DNA. Deoxyribonucleic acid, a molecule that figures centrally in inheritance. Constituting part of the material of chromosomes, it is commonly double-stranded in the form of a double helix. Connecting the two strands are base pairs consisting of nucleotide bases. Here you will find a conventional animated stick figure of DNA; it schematically represents a few isolated features abstracted from whatever reality the actual material chromosome presents in the cell.

DNA breathing (1). The rhythmic unwrapping and rewrapping of DNA from nucleosomal spools. This takes place at the entry and exit sites -- that is, where the DNA meets or leaves the spool. The breathing takes place rapidly, on the order of milliseconds. Not to be confused with DNA breathing (2).

DNA breathing (2). The dynamic opening and closing of "bubbles" between the two strands of the DNA double helix. That is, for a certain length the two strands of the double helix become disconnected, and then later they reconnect. This is thought to be important for, among other things, the initiation of transcription, because RNA polymerase can only begin transcribing once the double helix has begun to be "unzipped".

DNA methylation. The attachment of a methyl chemical group to particular nucleotide bases (usually cytosine) of the DNA molecule. Methylation is recognized by various regulatory factors and therefore plays a major role in gene regulation. In general, DNA methylation tends to have a repressive effect on gene expression, but this generality is qualified by many subtleties.

DNA replication. The process by which both strands of a double-stranded DNA molecule serve as templates for strand reproduction. The result is two double-stranded DNA molecules, each containing one strand from the original molecule and one newly synthesized strand.

double helix. The form taken by DNA (and also by double-stranded RNA. Speaking very generally, it's the form you get when you take two cords and twist them together, so that each one spirals around the other.
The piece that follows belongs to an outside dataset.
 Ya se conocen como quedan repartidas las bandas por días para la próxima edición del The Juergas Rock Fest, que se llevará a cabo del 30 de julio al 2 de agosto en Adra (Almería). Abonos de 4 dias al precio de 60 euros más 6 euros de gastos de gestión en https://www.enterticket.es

double-stranded RNA (dsRNA). RNA that, like normal DNA, has two complementary strands joined by nucleotide base pairs. dsRNA can be brought into cells by viruses, and it can also be produced natively. This can happen, for example, when a length of RNA happens to contain two adjacent, complementary, and probably rather short sequences of nucleotide bases. That is, when the RNA folds sharply (into a hairpin shape) at the point between the two sequences, it brings a series of complementary bases together, allowing them to form base pairs that hold the two strands together.

downstream. See upstream/downstream.

enhancer. A DNA sequence that transcription factors known as activators can recognize and bind to and thereby aid in recruiting RNA polymerase to a gene's promoter to increase transcription.
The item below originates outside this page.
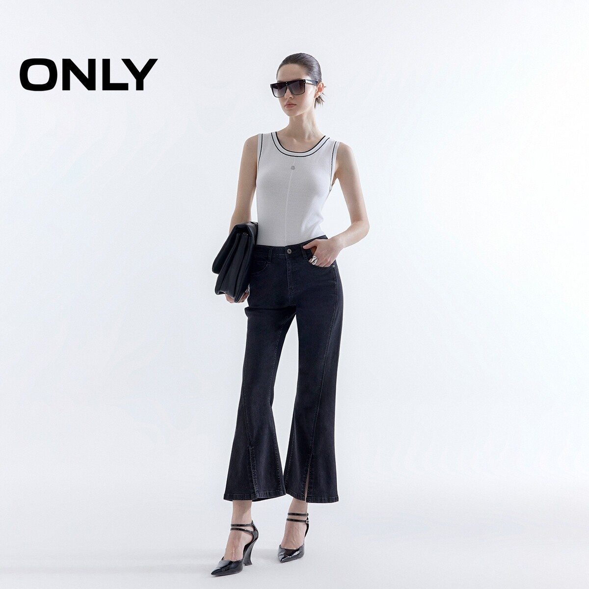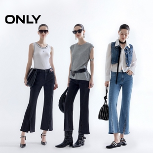 牛仔裤 拼接斜线剪裁高腰显瘦提臀九分喇叭裤 女 新款 ONLY2026春季

epigenetic inheritance. Depending on context this can refer either to inheritance between generations of an organism, or between cell generations within an organism. In both cases the reference is to inherited traits that are mediated, not by the DNA sequence, but by epigenetic processes or conditions. Thus, something in the parents' activity or environment may lead to epigenetic changes in their cells -- and particularly in their germ cells -- that are passed on to their offspring, producing traits in the offspring that cannot be accounted for by the parents' DNA or any mutation of it.
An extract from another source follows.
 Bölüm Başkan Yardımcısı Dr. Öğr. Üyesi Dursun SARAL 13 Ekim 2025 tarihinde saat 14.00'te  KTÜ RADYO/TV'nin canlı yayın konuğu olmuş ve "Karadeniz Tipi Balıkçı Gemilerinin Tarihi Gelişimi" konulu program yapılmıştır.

epigenetics. Literally, that which is "added to" genetics. The term is most commonly taken to refer to heritable changes in gene expression that do not result from changes in actual gene sequences. ("Heritable" here can refer not only to inheritance between parents and offspring, but also between parent and daughter cells.) The changes result from the way the larger cellular context interacts with the genes. Nearly all the transformations involved in cellular differentiation fall under the heading of epigenetics.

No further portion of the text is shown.